Racconta Calabrese di un esigente (e particolarmente pignolo) cliente che voleva un Martini “molto secco e molto freddo”, ma quando gliene veniva servito uno molto freddo, il metodo di raffreddamento in mixing glass faceva sì che il drink si diluisse e perdesse la sua componente dry. Viceversa, quando veniva data la priorità al lato dry del cocktail, esso non era abbastanza freddo.

Calabrese quindi  pensò a un metodo per rispondere a entrambe le richieste, con una semplicità a tratti comica: pose in freezer per 48 ore una bottiglia di Gin, insieme a una coppetta Martini. Solo al momento del servizio li tolse dal freezer, versando 60 ml di Gin nella coppetta pre-raffreddata, e sporcando il drink con un cucchiaino di Vermouth Extra Dry. Così facendo, servì un perfetto Martini mantenendo fede a entrambe le richieste: “molto secco e molto freddo”.
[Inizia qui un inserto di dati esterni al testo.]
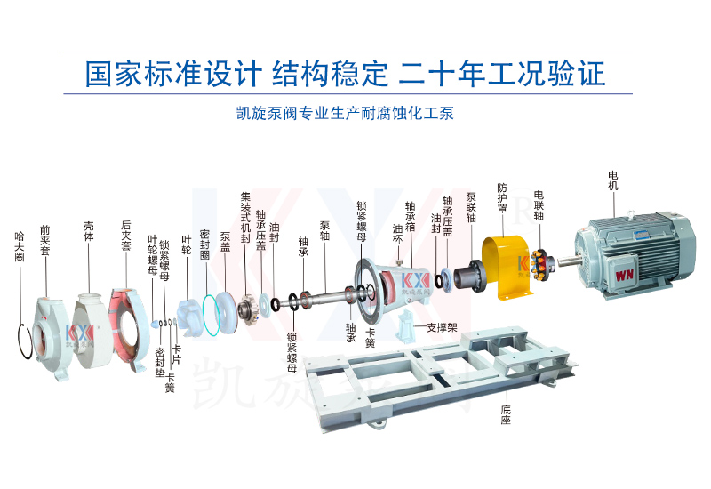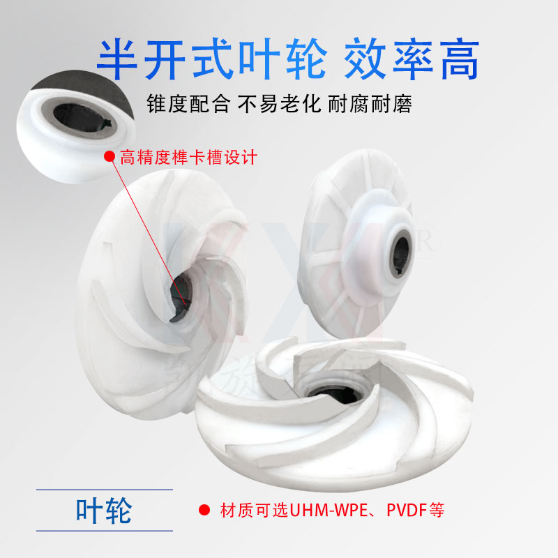 KJB型耐腐耐離心泵,又稱夾板泵,是參照國外夾板泵技術(shù),重新研發(fā)優(yōu)化而成,過流部件使用耐腐耐磨超高分子量聚乙烯、聚偏氟乙烯等材料制造。泵殼為分體式夾套,內(nèi)鑲可拆卸式泵體,整體結(jié)構(gòu)厚實,運行穩(wěn)定,能有效杜絕長期室外運行造成的塑料模壓件老化等現(xiàn)象。葉輪采用半開式結(jié)構(gòu),背葉板上均勻分布葉片,流道加寬介質(zhì)通過率高。密封使用耐腐耐顆粒集裝式雙端面機械密封,并可根據(jù)用戶需求配置相應(yīng)的沖洗方案。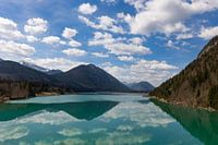 Een fantastisch uitzicht over de turquoise Sylvensteinsee in Opper-Beieren. De prachtige wolkenlucht wordt weerspiegeld in het water en de bergen omlijsten het meer. Een prachtige natuurlijke sfeer, vredig en indrukwekkend.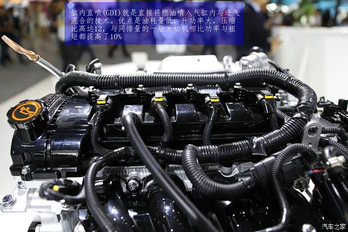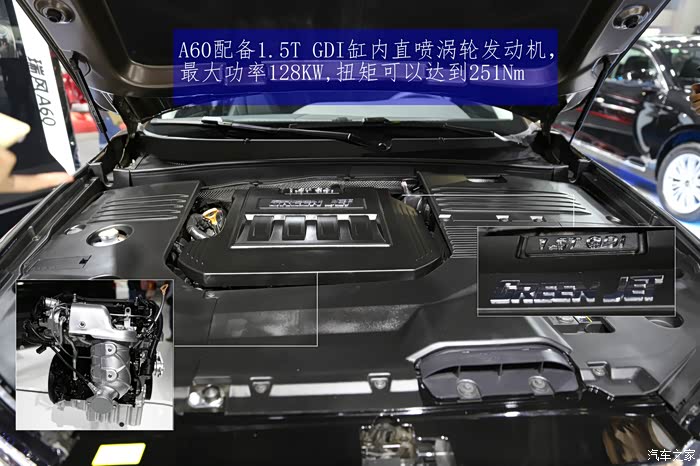 A60的发动机舱非常整洁,分布也合理,中间是1.5T GDI的发动机,两边分布这防冻液,玻璃水壶和刹车油,电瓶等等。现场的展台上也展出了这台发动机的全裸形态,让各位观众可以全方位的来了解这台中国自主的白金动力发动机。
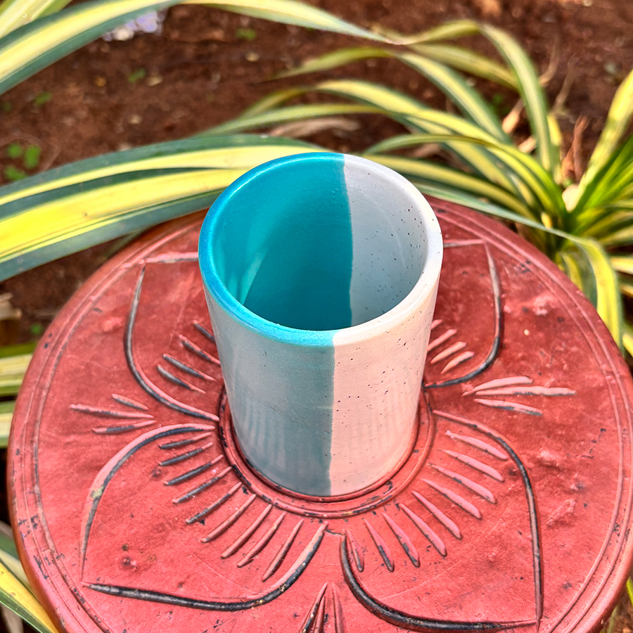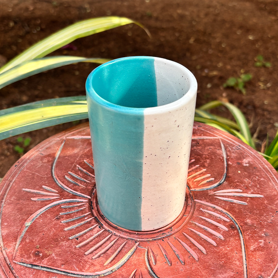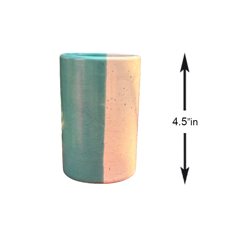 Enhance your drinkware collection with this elegant dual-tone ceramic tumbler. Standing 4.5 inches tall, this beautifully crafted cup features a soft pastel color combination with a subtle speckled texture, giving it a contemporary and handcrafted appeal.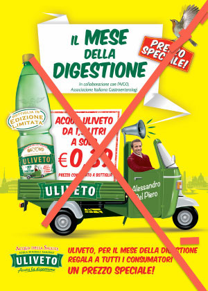 Da alcune settimane le pagine dei quotidiani come il Corriere della sera del 22 ottobre 2013, La Repubblica, Il Messaggero propongono la pubblicità dell’acqua minerale Uliveto. Nel messaggio compaiono per l’ennesima volta le parole “acqua della salute“, “aiuta la digestione” oltre alla collaborazione con l’Associazione italiana gastroenterologi (Aigo) e l’immancabile Alessandro Del Piero con l’uccellino.
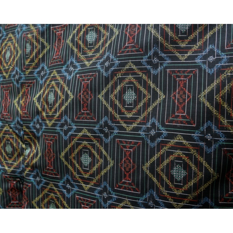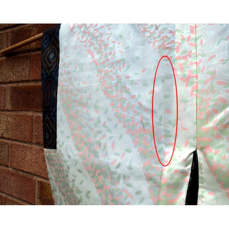 Women's haori jacket. Black oshima-tsumugi silk with blue, red and yellow designs. Lining - white silk with pink and green leaves design.

Estremamente semplice e diretto, “Direct” perché tutto viene inserito direttamente nel bicchiere. Noi lo abbiamo realizzato con il re dei Gin, il secco e meraviglioso Crown Jewel di Beefeater, finito da un cucchiaino scarso di Martini Extra Dry e una scorza di limone, prima strizzata sulla superficie del cocktail e poi inserita a lato dello stesso.

Varianti

Proporre una variante del Martini, per gli innumerevoli motivi di cui abbiamo parlato sopra, non è certo affare per deboli di cuore: scegliendone una se ne omettono a decine altrettanto interessanti o importanti. Noi ci abbiamo voluto comunque provare, proponendone una versione comunque agilmente realizzabile a casa, molto caratterizzata e ben codificata, ma soprattutto adatta da proporre a chi trova il Martini classico eccessivamente secco: eccovi il Breakfast Martini.

Iniziamo con il premettere che l’inventore del Breakfast è, ed è un caso (o forse no), sempre Salvatore Calabrese.

Viene realizzato shakerando 50 ml di Gin, 15 ml di Triple Sec, 15 ml di succo di limone, e 1 bar spoon di marmellata di arance.

Noi abbiamo utilizzato il come da ricetta 50 ml di Star Of Bombay, unito a 15ml di Cointreau, del succo di limone spremuto fresco e un bar spoon (o due cucchiaini da caffé, se non disponete dello stirrer) di marmellata di arance Callipo, avendo cura di evitare i pezzi di scorza troppo grossi per non rischiare di occludere i fori filtranti dello shaker. Inserire, appunto, tutti gli ingredienti nello shaker, riempito come sempre a metà di ghiaccio. Shakerare per trenta secondi, servire in una coppetta Martini ghiacciata e finire sempre con una scorza, ma questa volta di arancia.